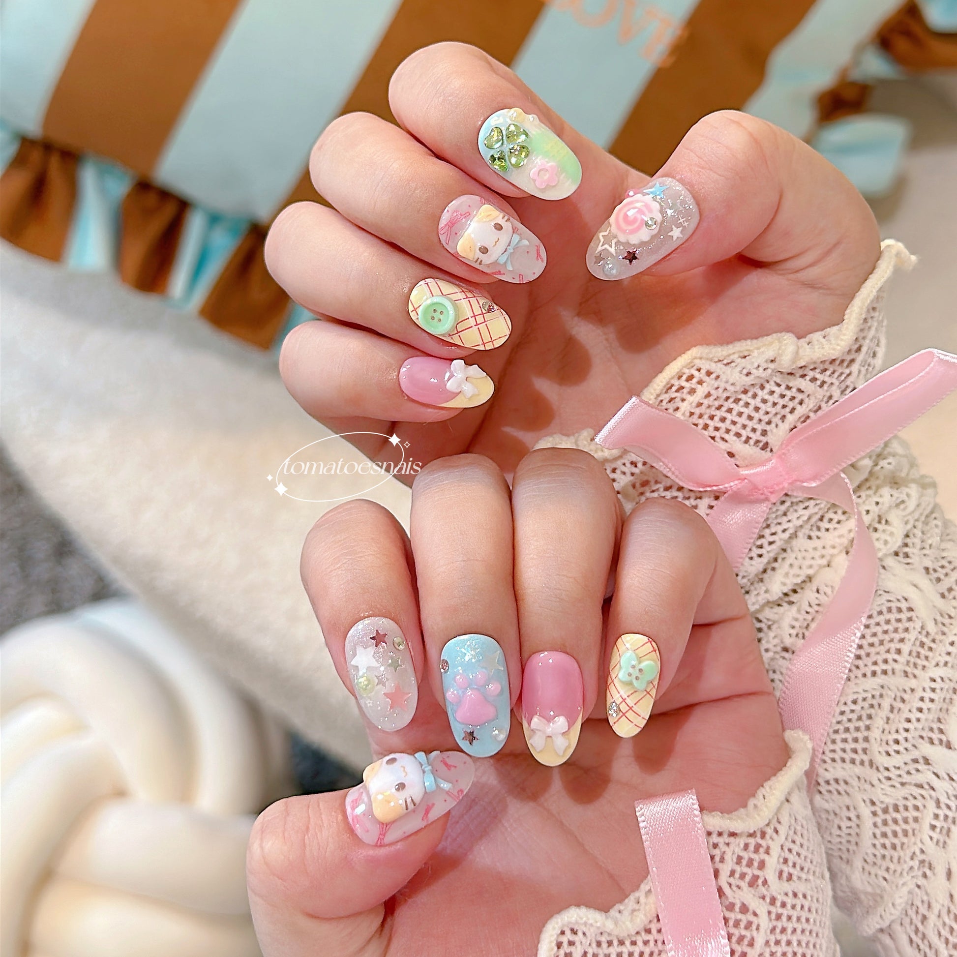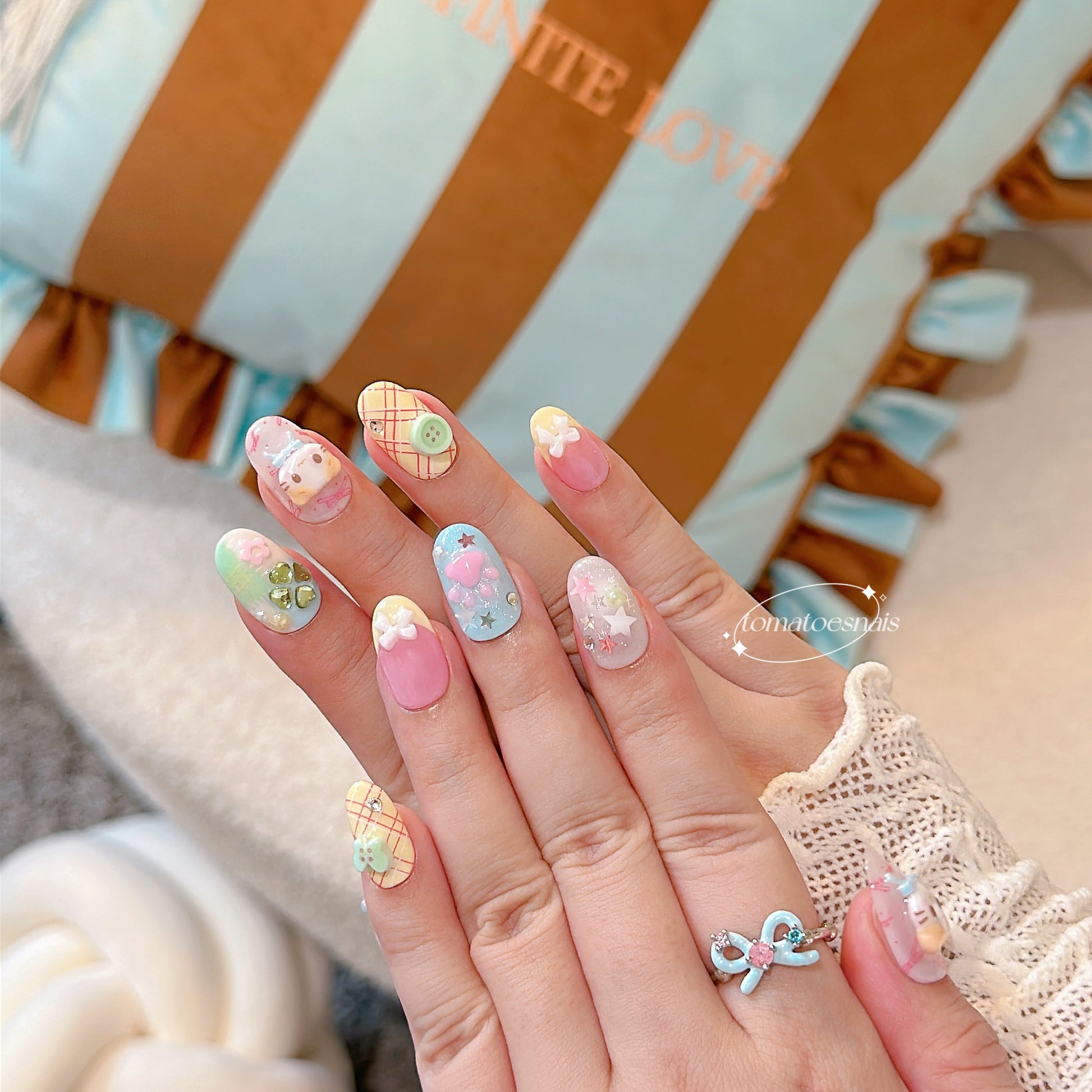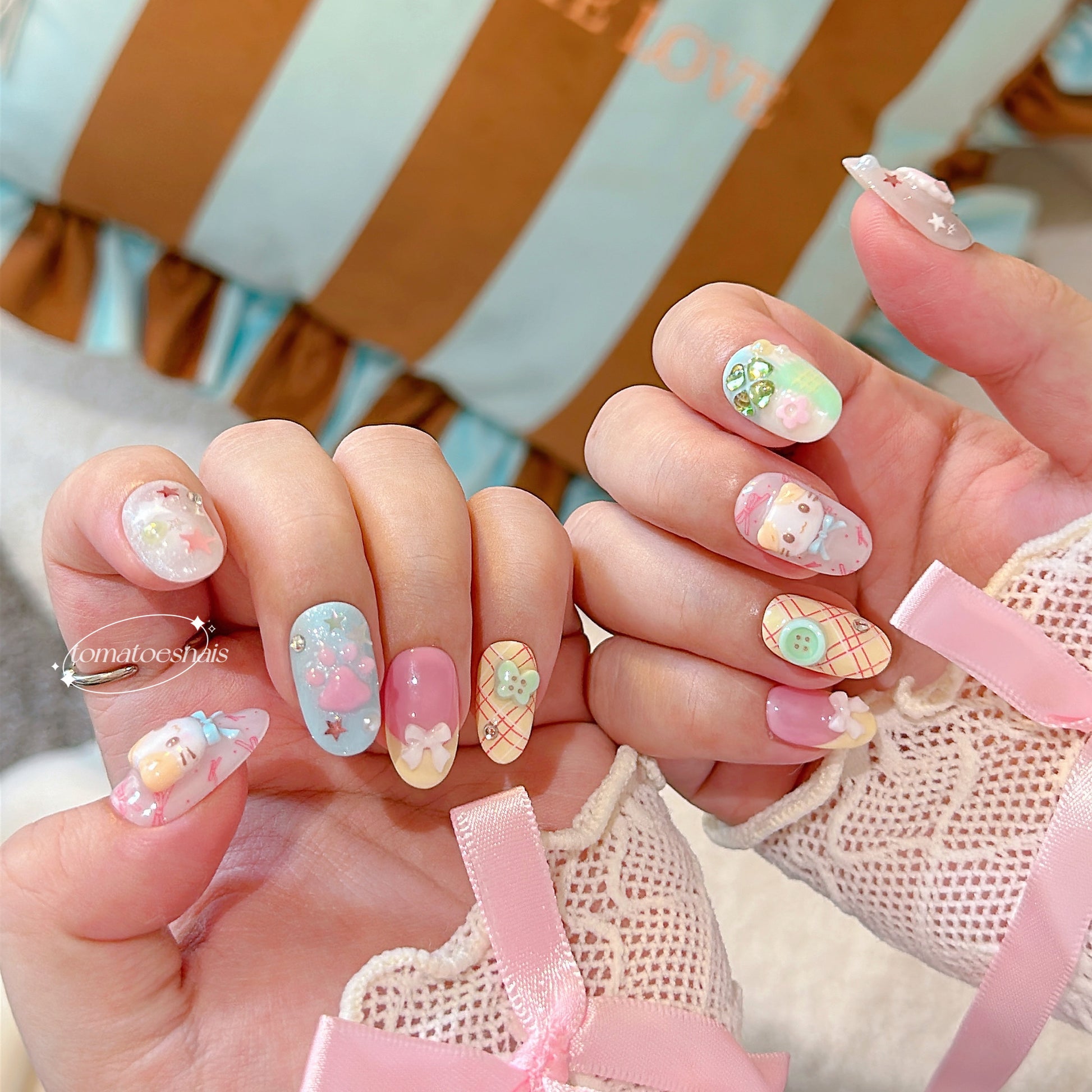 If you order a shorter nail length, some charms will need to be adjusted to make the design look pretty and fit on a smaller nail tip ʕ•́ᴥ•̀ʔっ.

============================================================

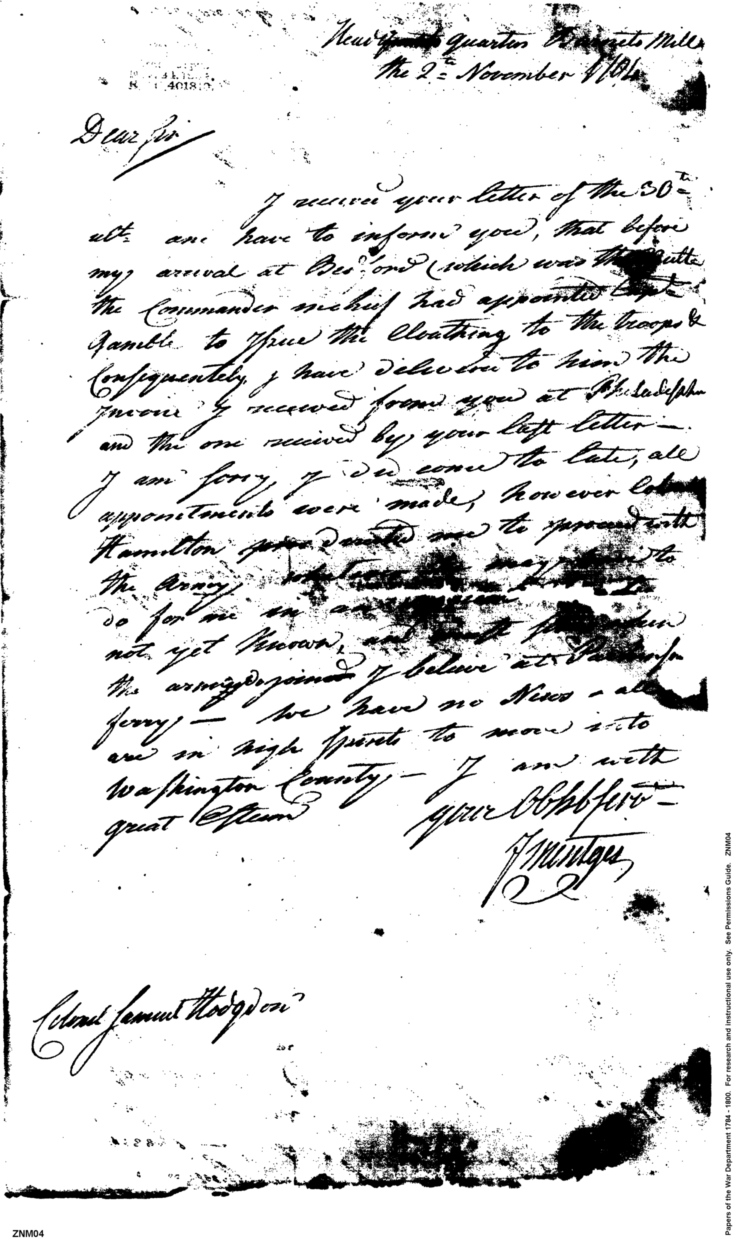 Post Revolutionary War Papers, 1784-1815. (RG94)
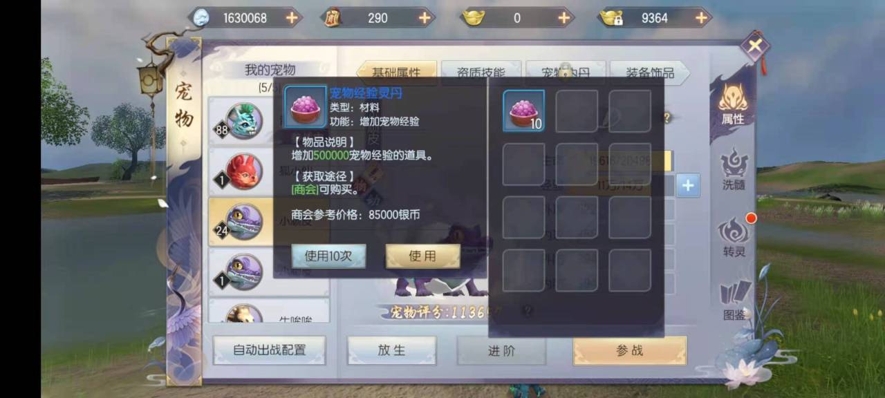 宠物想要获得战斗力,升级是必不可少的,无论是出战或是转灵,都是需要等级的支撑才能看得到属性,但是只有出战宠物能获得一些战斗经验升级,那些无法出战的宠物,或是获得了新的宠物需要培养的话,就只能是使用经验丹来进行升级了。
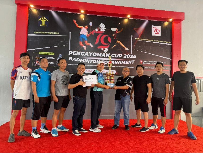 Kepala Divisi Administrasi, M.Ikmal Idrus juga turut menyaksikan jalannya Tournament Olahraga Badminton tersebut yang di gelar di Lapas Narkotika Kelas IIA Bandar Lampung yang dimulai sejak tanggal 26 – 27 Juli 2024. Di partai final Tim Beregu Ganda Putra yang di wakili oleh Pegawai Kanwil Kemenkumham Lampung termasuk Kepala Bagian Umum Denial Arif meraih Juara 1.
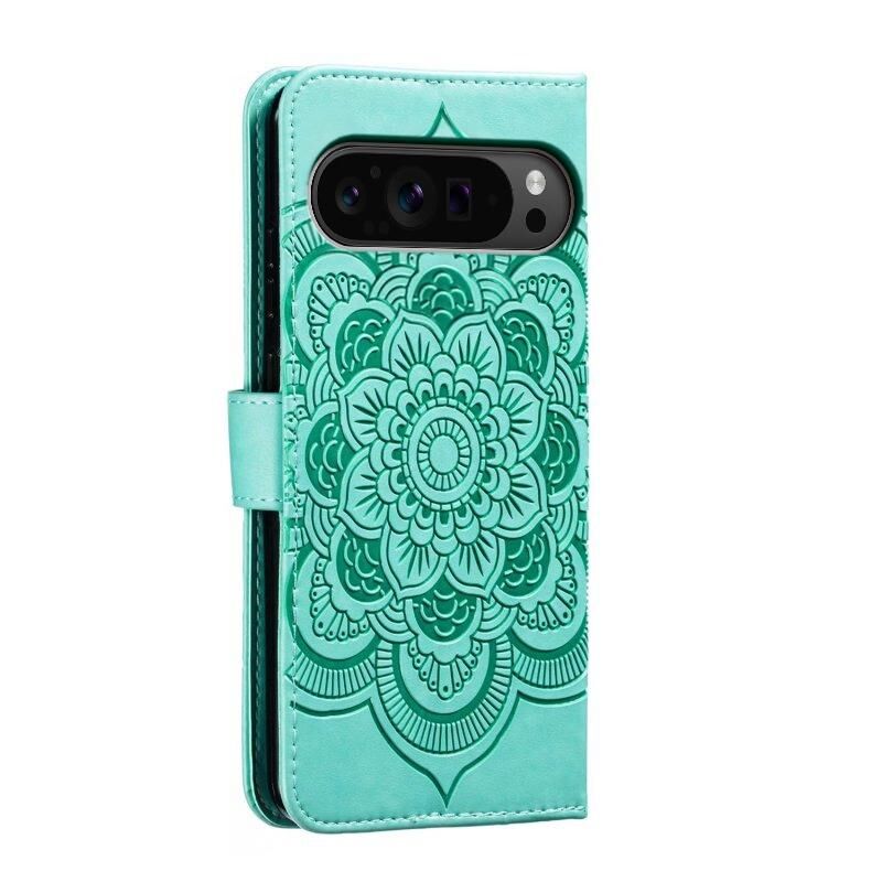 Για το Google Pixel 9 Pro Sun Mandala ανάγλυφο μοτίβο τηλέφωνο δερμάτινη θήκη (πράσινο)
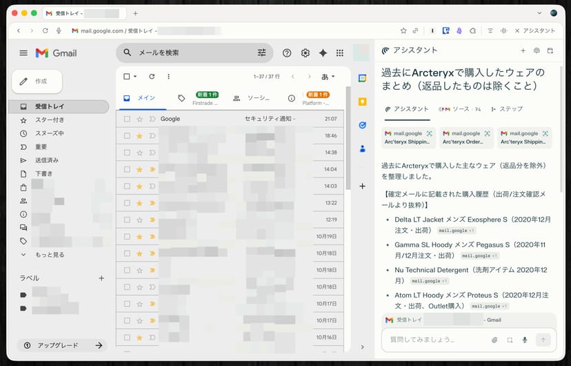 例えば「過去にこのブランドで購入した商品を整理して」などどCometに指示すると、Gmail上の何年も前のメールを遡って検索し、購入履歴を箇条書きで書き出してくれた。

============================================================

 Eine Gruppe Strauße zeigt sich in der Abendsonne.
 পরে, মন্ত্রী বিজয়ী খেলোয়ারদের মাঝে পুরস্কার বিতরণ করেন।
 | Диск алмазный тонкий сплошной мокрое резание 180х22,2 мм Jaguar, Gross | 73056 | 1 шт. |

============================================================

- **TASK PROMPT**: Out of the entries above, write out only the lines between the line holding "Eine Gruppe Strauße" and the line holding "73056 | 1 шт. |", inclusive, each exactly as given.

- **EXERCISE SOLUTION**:
 Eine Gruppe Strauße zeigt sich in der Abendsonne.
 পরে, মন্ত্রী বিজয়ী খেলোয়ারদের মাঝে পুরস্কার বিতরণ করেন।
 | Диск алмазный тонкий сплошной мокрое резание 180х22,2 мм Jaguar, Gross | 73056 | 1 шт. |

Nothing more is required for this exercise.